Рассказ
Раскалённый луговой воздух к полудню уподобился жаровне. В её дышащем пекле умолк говор речного переката, щебетание птиц из ближнего перелеска, звон мошкары. Кажется, сам день загустел, превратился в терпкое марево, пеленающее высокие травины, прибрежные кустарники и всякую вокруг живность.
Я сижу на знакомой лужайке. Круги памяти цепляют… вспыхивают и вспыхивают зарницами. Давняя история, ставшая частью нервных нитей, уносит меня в те сладкие мгновения детства, когда день длился вечность, а сказка превращалась в быль вопреки препонам быта. Странно, но и тот быт не казался тогда грузным, отчего ощущал я себя лёгким пушком с перелётной птицы. Несёт ветерок, баюкает в тугих воздушных волнах и поднимает пушок в облачные кружева, откуда земля смотрится, как на ладони. Или всё перепуталось, и это жизнь видится мне сегодня, как на ладони.
…В океане летнего зноя 197..-го года, кажется, ничто не могло потревожить июльской неги. Угасли звуки. Но что это? Шорох-шелест возник неизвестно откуда и начал нарастать певучими волнами. Воздух завибрировал. Шелест быстро перешёл в устойчивый шум. Сравнить его с чем? Разве что с дрожанием вершины открытой ветрам берёзы. Глаза рассмотрели полупрозрачные длинные тельца. Всего-то. Шум источали слюдяные крыла пары зелёных стрекоз. Для меня, десятилетнего, эти два порхающих существа явление из серии загадок. Как они летают? Зависли рядом и о чём-то толкуют меж собой. А может, слушают, что рассказывает светловолосый Венька Шульгин. Приятель старше меня на два года и давно мечтает о собственном велосипеде.

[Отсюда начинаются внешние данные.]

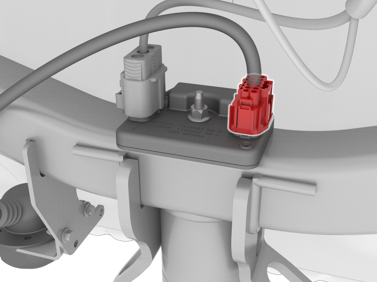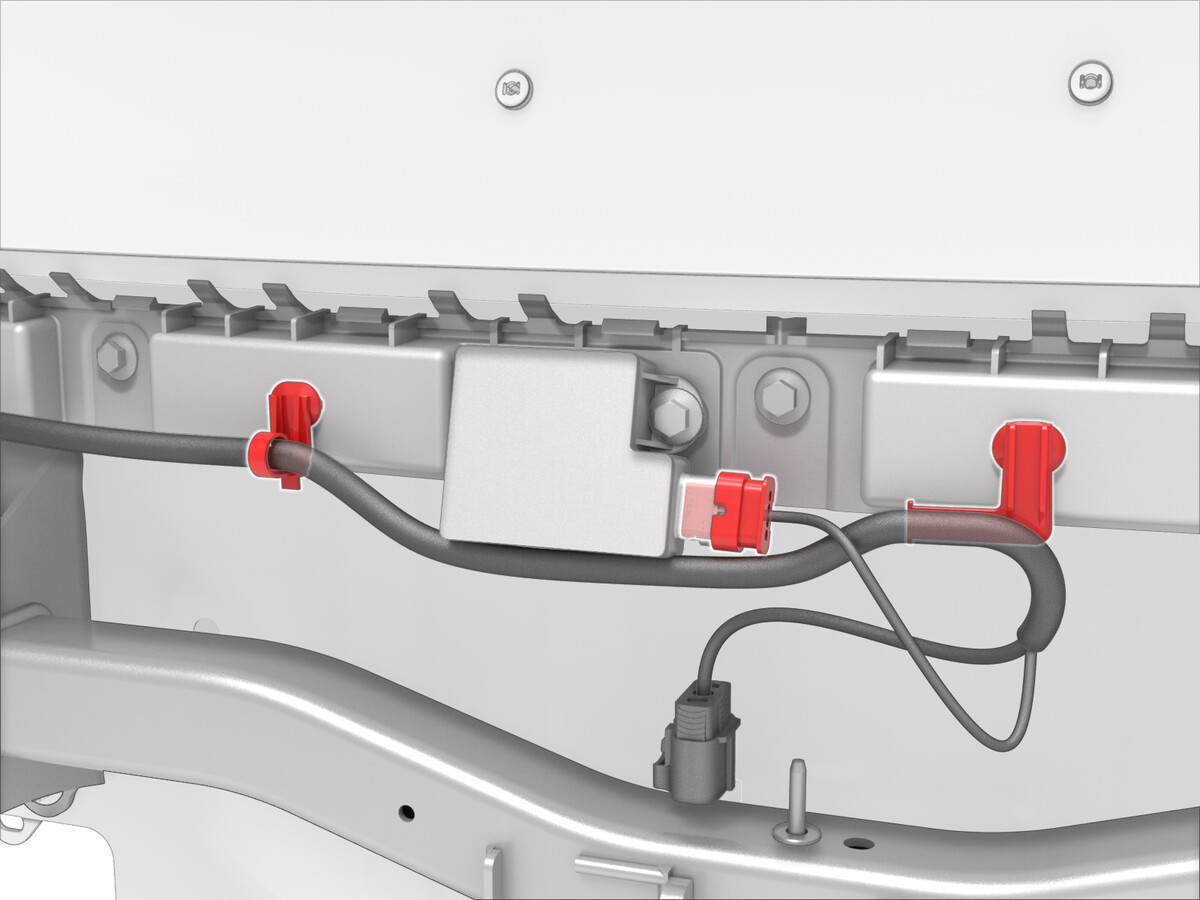 将拖车跳线线束穿过支架,然后连接到拖车挂钩电子控制单元。

– Купят мне, Вовка, этим летом велик. Увидишь, всяко купят! В конце июля будет у меня день рождения, и отец порадует беспременно, – покусывая длинную соломину, бормочет Венька. – Как думаешь, какой марки?

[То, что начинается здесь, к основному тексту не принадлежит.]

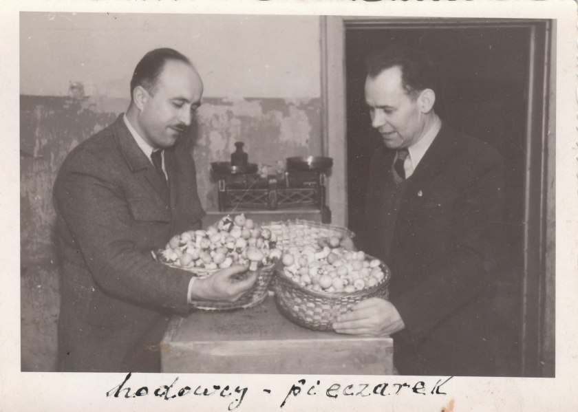 Poprzedni obrazek Następny obrazek HodowcyPieczarek Hodowcy pieczarek, dyrektor Władysław Jeneralczyk i kierownik Restauracji Hotelowej pan Kluska 1947 rok

– Не знаю, – пожимаю я плечами.
Действительно, не знаю. Даже не разбираюсь, потому что своего велика у меня нет и никогда не было. Катаюсь на взрослых, когда подворачивается случай. Ногу просовываю под рамой, поскольку с седла до педалей не достаю. Несколько штанов продрал до дыр чёрной цепью. А погонять-то хочется. До штанов ли тут. Так и рвутся одни штанины за другими. Маманька латать не успевает, но ладно хоть не ворчит.

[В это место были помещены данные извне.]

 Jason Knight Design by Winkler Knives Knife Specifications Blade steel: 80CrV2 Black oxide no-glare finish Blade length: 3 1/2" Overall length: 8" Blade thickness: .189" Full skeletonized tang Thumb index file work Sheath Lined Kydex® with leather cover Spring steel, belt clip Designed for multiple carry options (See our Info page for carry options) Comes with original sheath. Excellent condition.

– Купят мне велик, сяду я в седло, да как помчусь! – продолжал рассуждать Венька. – А ещё лучше заберусь на Филипову гору и… С неё разгоняться не надо. Дух захватывает, когда ногами сбегаешь, а на велике-то – вообще красота! – всё мечтал и мечтал вслух мой друг. – Быстрее птицы стану. Так что, Вовка, проси своих. Вместе на двух велосипедах гонять всяко интереснее. Ох, горит спина. Искупаемся?
– Мне папа не разрешает без него на речку ходить, – привычно отвечаю я. Понимаю, что Венька подначивал меня на купание без умысла. Знает, что не пойду.
– Ты бы, Вовчик, взрослел побыстрее. Глядишь, и с речкой бы всё разрешилось, и с великом.
Я молчал. Что рассуждать? Рад бы повзрослеть, рад бы велосипед попросить, но родители собрались покупать бычка. Деньги на живность копят. Но за Веньку, конечно, приятно. Слушая его, представлял, как он молнией станет летать на пыльных дорогах посёлка, потом выкатит за околицу и, добравшись до Филиповой горы, метнётся вниз, как ракета. Даст ли мне прокатиться?
– Мне-то дашь велик проехать? – спросил я Веньку.
Тот замолчал. Наверно, думал: дать или не дать. Выплюнув остатки травины изо рта, пообещал.
– Дам. Только не падай. А то, видишь, «восьмёру» выгнешь, придётся чинить.
– Ей-ей, не упаду, – пришлось мне поклясться.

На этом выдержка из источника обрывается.